Vive la Postérieur

In the closing days of 1914, a strange occurrence happened in the trenches on Christmas Eve.  In several areas along the lines, British, French, and German soldiers declared an impromptu holiday truce, met between the lines in No Man’s Land, swapped greetings and gifts, played soccer, and generally outraged their generals who shooed them all back to their respective sides to continue almost four more years of incomprehensible slaughter.  The famous Christmas Truce has been celebrated in books, songs, and film, most recently the very good Joyeux Noel, depicting the poignancy and heartbreak of the participants.  The “War To End All Wars” of course did not, but it did leave some … interesting… legacies.   Word War I inspired significant advances in forward area triage, facial plastics, poison gas, the visual arts, tanks, submarines, music, fun new kinds of authoritarianism, brand new national boundaries that wouldn’t last a century, a unique attachment to the holidays, and new forms of recreation.

After all this, the French could be forgiven some sort of cultural/national PTSD, and one can hear the great grandchildren of les poilu rolling their eyes before clearing the ER in a panic.  “A French hospital was partially evacuated Saturday after a senior citizen arrived with a World War I artillery shell lodged in his rectum.”  If medical school and residency taught us nothing else, it was that there is no limit to man’s capacity to attempt insertions of new and varied items up his/her/they butt.  Some speculation remains online as to the caliber of the errant munition, with many believing the photo to depict a 37 mm shell.  This might well have been produced for the Canon d’Infanterie de 37 modèle 1916 TRP (37mm mle.1916), a light infantry support weapon, the smallest gun of the day to fire high explosive shells.  If this is in fact the shell, and it happens to post-date the famous Truce by a couple of years, it was clearly no less celebratory in intent.  “Bomb disposal experts at the scene determined there was little possibility the shell would explode inside the man.”  But wouldn’t even a “little possibility” animate the experience for the recipient?  It certainly did for the medical folks, who cleared out the ER, diverted inbound traffic, and for a hospital spokesman who said, “We had to manage the risk in a reactive framework.”  It’s comforting to know that administralian is truly the international language.

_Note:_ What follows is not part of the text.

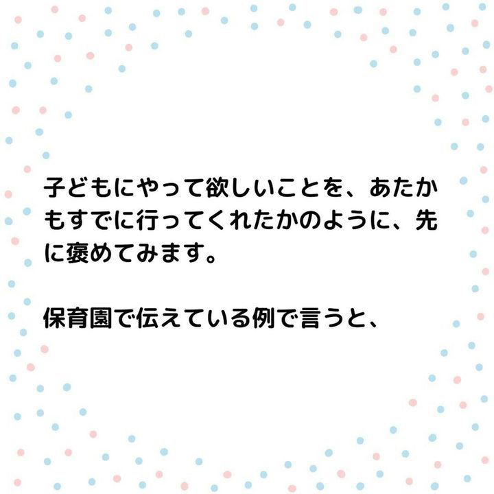 片付けをしてと言ってもしない、ご飯を食べてと言ってもしない…。育児をしているとよくあることですが、そのたびについ叱っていませんか?インスタグラムで「保育士×パパ」の目線から育児情報を発信しているゆうき@保育士パパ(@hoikushipapa)さんによると、子どもにしてほしいことをしてもらうには先に褒めることが効果的なのだそうです。実際に保育士も使っている先に褒める方法とはどのようなものなのでしょうか?

“Medics were forced to take the elderly man into surgery, cutting open his abdomen in order to remove the relic.”  It could be that “medic” is just a generic term for everyone in health care, or perhaps France has progressed to the blissful state where NP’s and EMT’s can successfully perform the majority of uncomplicated surgeries.  It is presumed that the 88-year-old inserted the unrequited explosive for “sexual pleasure,” but I disagree.  Had the author done a bit more research, he would have found an equally compelling, more noble motive.

Last year in the U.K., troops from the 11th Explosive Ordnance Disposal Regiment rushed to Gloucestershire Royal Hospital after an unfortunate patient presented having a 57 mm anti-tank round inserted in his rectum.  “He found the shell when he was having a clear out of his stuff.  He said he put it on the floor then he slipped and fell on it — and it went up his a**e … He was in a considerable amount of pain. I think he collected military memorabilia.”  Indeed.

Given the ancient enmity of the Anglo-Saxons and Gauls, it is much more likely that the elderly Frenchman felt it a matter of national honor not to be bested by the Limeys, and was simply keeping his end up.